Dan Ross, former ADM Materiel at DND, talked about infighting in January 2013 after his retirement. He was probably referring to differences between National Defence (client), PWGSC (buyer) and Industry Canada (economic benefits). Was he also subconsciously including bureaucrats within any one or all of those organizations fighting each other or playing the system for rank, power and budget?
A proposal to deal with that infighting would meld the organizations now involved with defence procurement into a single agency. Whatever happened to “form follows function”? You cannot organize until you actually know and have agreement on the job. Putting organization first promises yet another player in the inter-agency infighting, with people across government vying for promotion to the new positions while (in case they do not succeed) still fighting to keep “their” power and resources from being moved into the new agency.
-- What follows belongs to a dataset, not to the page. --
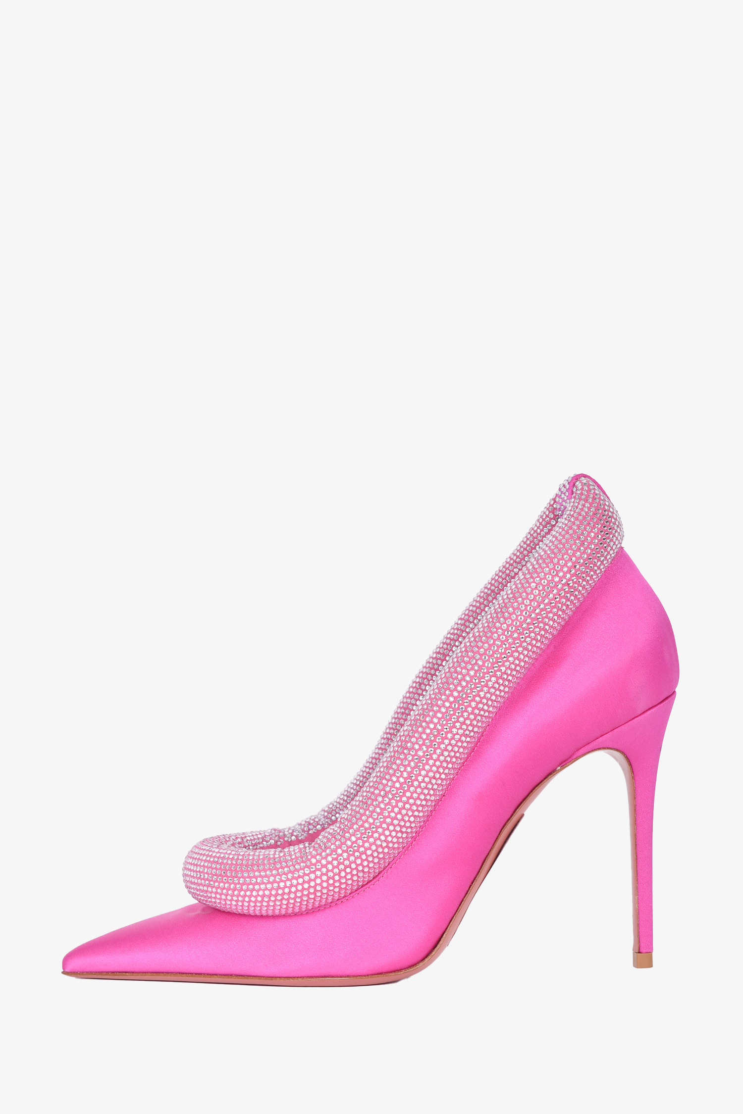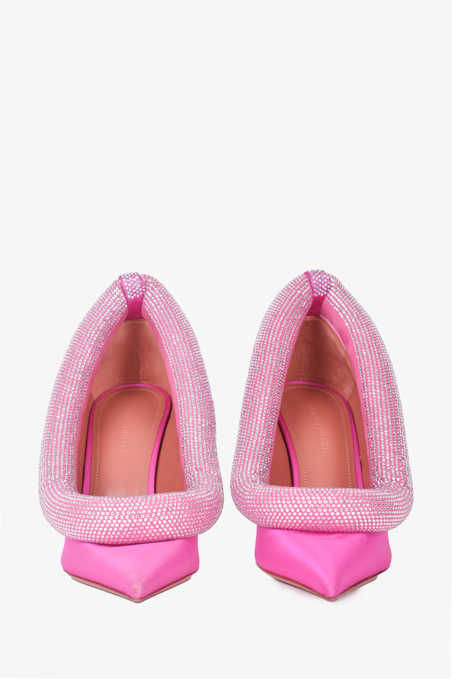 Refresh availabilityAmina Muaddi Pink Yoon Crystal Padded Satin Pumps. Stiletto heels. Pointed Toe. Tonal stitching.

By Action Plan 2013 another challenge had arisen: budget cuts threatening the Armed Forces’ ability to support what they currently have, let alone anything new. Naval supply ships: the PBO has suggested that the government will either have to come up with another billion plus dollars or scale back the ships’ capabilities significantly. Defending the north: the army’s capacity may be compromised by a lack of training funds. The new Chinook helicopters: DND says that it does not have the money to support them.
Can anyone really understand budget decisions to pay (or not pay) for a non-existent defence strategy?
This gloomy perspective comes when the government has a report suggesting that Canada make better use of its defence procurement to support and develop Canadian industry. Just what we need – an incentive for more infighting, adding highly volatile fuel to the fire as to what the government’s priorities should be. We continue with the awful non-mix of requirements, resources, rules and political priorities, all set in the risk-averse environment of government.
The seemingly constant stream of failures does not seem to be leading to substantive actions. Studies and reports and advisors and recommendations are all too often deflecting smoke and mirrors. As long as failures do not result in lateral staff relocations, and the heavy hitters can say, “we are studying the situation,” does anyone really care?
I think that departments need to place much more emphasis on finding people with the right competencies and interests. Good procurement people are born, not made overnight, and defence types (whether on the technical development side or in procurement) may be even rarer. If departments rotate people through key positions solely for career development, the priority is in the wrong place and the results will be poor.
You can never really know who will turn out to be the best procurement fit. What you can do is find possible fits, nurture them, and get them another job as soon as they show they are not suited. It does not seem to be happening.
The right people, a clear mandate and appropriate funding…Shangri-La. Does anyone care enough to really look for it?